Present contradictory evidence and observe the response. Delusional groups will dismiss, rationalise, or outright ignore evidence challenging their perceived importance rather than integrating it into their understanding.

Independent Verification

Ask neutral third parties to evaluate the group’s impact – without priming them with the group’s own assessment. The gap between internal and external perceptions often reveals the degree of delusion.

Proportionality Analysis

Compare resources invested to outcomes produced. If a group spends 100 hours to achieve what could reasonably be accomplished in 10, the excessive effort may be feeding a delusional sense of importance, or vice versa.

Future Relevance Test

Ask: “In five years, what tangible evidence will remain of this work?” Delusional groups often overestimate their long-term impact and historical significance.

The Signs of Hill-of-Beans Delusion

Watch for these warning signs in group dynamics:

  • Insular Language: The development of jargon and acronyms that exclude outsiders whilst creating false complexity
  • Meeting Proliferation: When the number of meetings about work exceeds the actual work being done
  • Documentation Obsession: Producing extensive records of minimal activities
  • Outsider Dismissal: Quickly discounting any external critique as “not understanding the nuances”
  • Scope Creep: Mission expanding endlessly whilst concrete deliverables remain elusive

Breaking Free from the Delusion

The antidote to group delusion isn’t cynicism—it’s clarity. Here are practical approaches:

Regular Reality Checks

Implement quarterly “impact audits” where groups must justify their activities with concrete outcomes. What changed? Who benefited? How would the world differ without this effort?

Outsider Perspectives

Deliberately invite fresh eyes to evaluate group activities. Someone with no emotional investment can often spot inefficiencies invisible to insiders.

Resource Consciousness

Ask brutally honest questions about resource allocation. If each hour spent on this activity had a monetary cost, would the ROI justify continued investment?

Deliverable Focus

Shift emphasis from process to outcomes i.e. needs met. What specific, measurable results will this group produce? By when? For whom?

Finding the Sweet Spot

The goal isn’t to eliminate all collective efforts that might seem small in the grand scheme. Many “hills of beans” projects provide valuable learning, community building, or personal satisfaction. The danger lies in mistaking these modest benefits for transformative impact.
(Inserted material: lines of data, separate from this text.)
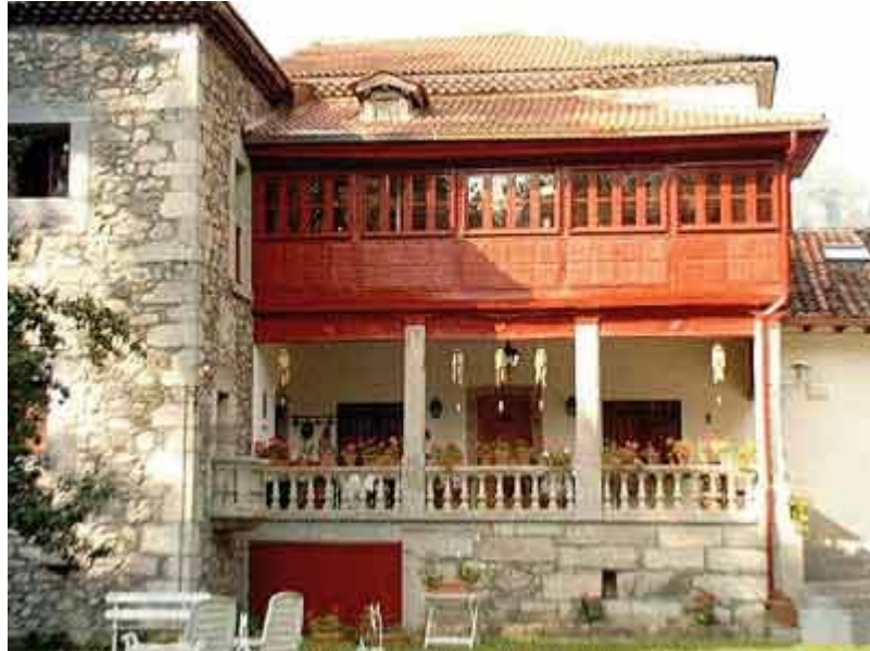
Pola de Somiedo, Palacio de Álvaro Flórez Estrada 1

Servicio de Biblioteca Documentación y Archivo
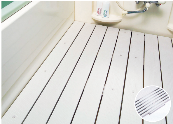
G (グレーチング) タイプ カラー：クリームグレー/アイボリー
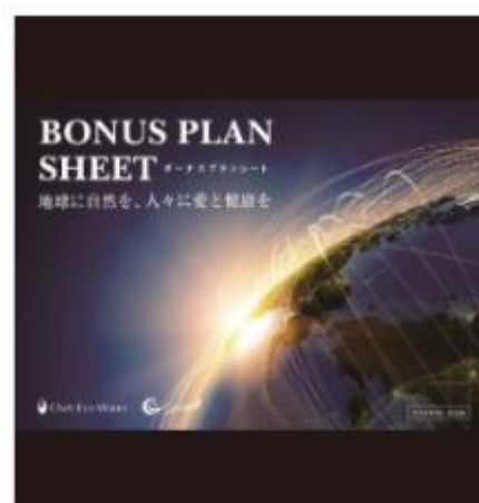
ボーナスプランシート ～～～
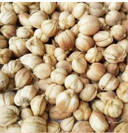
Indonesian White Cardamom (Premium)
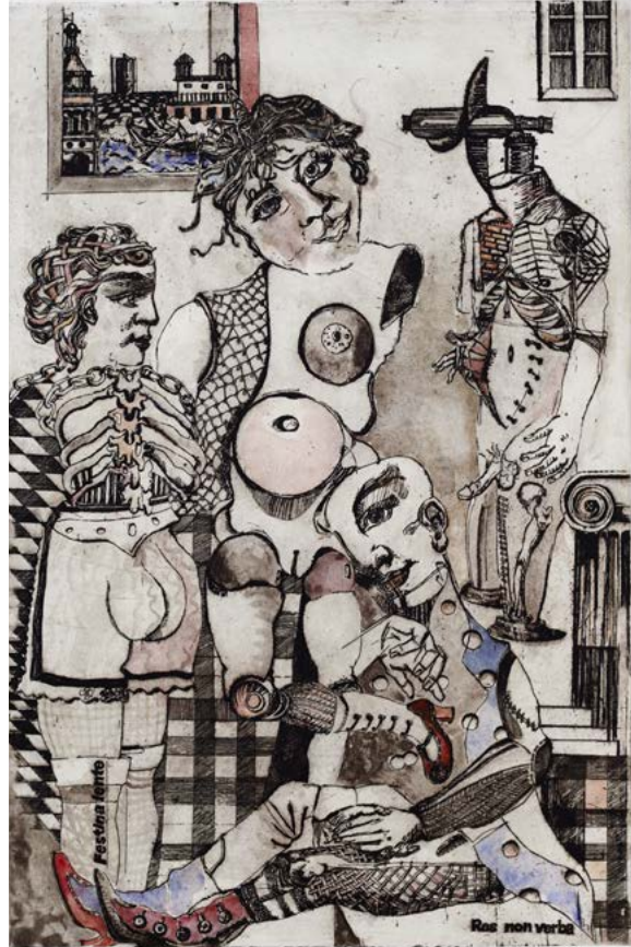
Mon intérieur, 72x54cm, eau forte, aquatinte et rehaut d'aquarelle, 2014
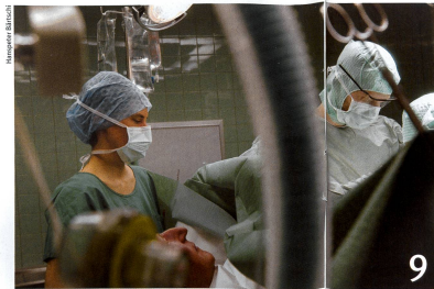
Forschende und Ärzte entwickeln neue Therapien gegen Krebs.
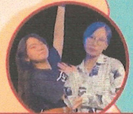
青出魚藍 魚丸、小藍
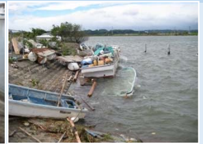
出水による船舶の転覆
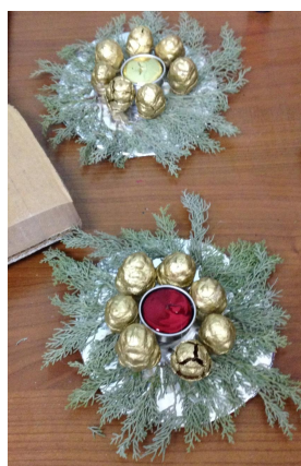
Ecco i nostri centro tavola per le feste

The healthiest groups maintain dual awareness: they invest fully in their activities whilst recognising their proportional significance. They take their work seriously without taking themselves too seriously.

Conclusion

Group delusions about importance are remarkably common—and remarkably human. We all want to feel that our collective efforts matter, that our collaborations create something meaningful. The key is maintaining enough perspective to distinguish between genuine impact and the comforting and seductive illusion of importance.

The next time you find yourself in a group project, apply the tests above to gauge whether your collective belief in significance aligns with reality. Sometimes building hills of beans together is exactly the point, as long as we don’t confuse them for mountains.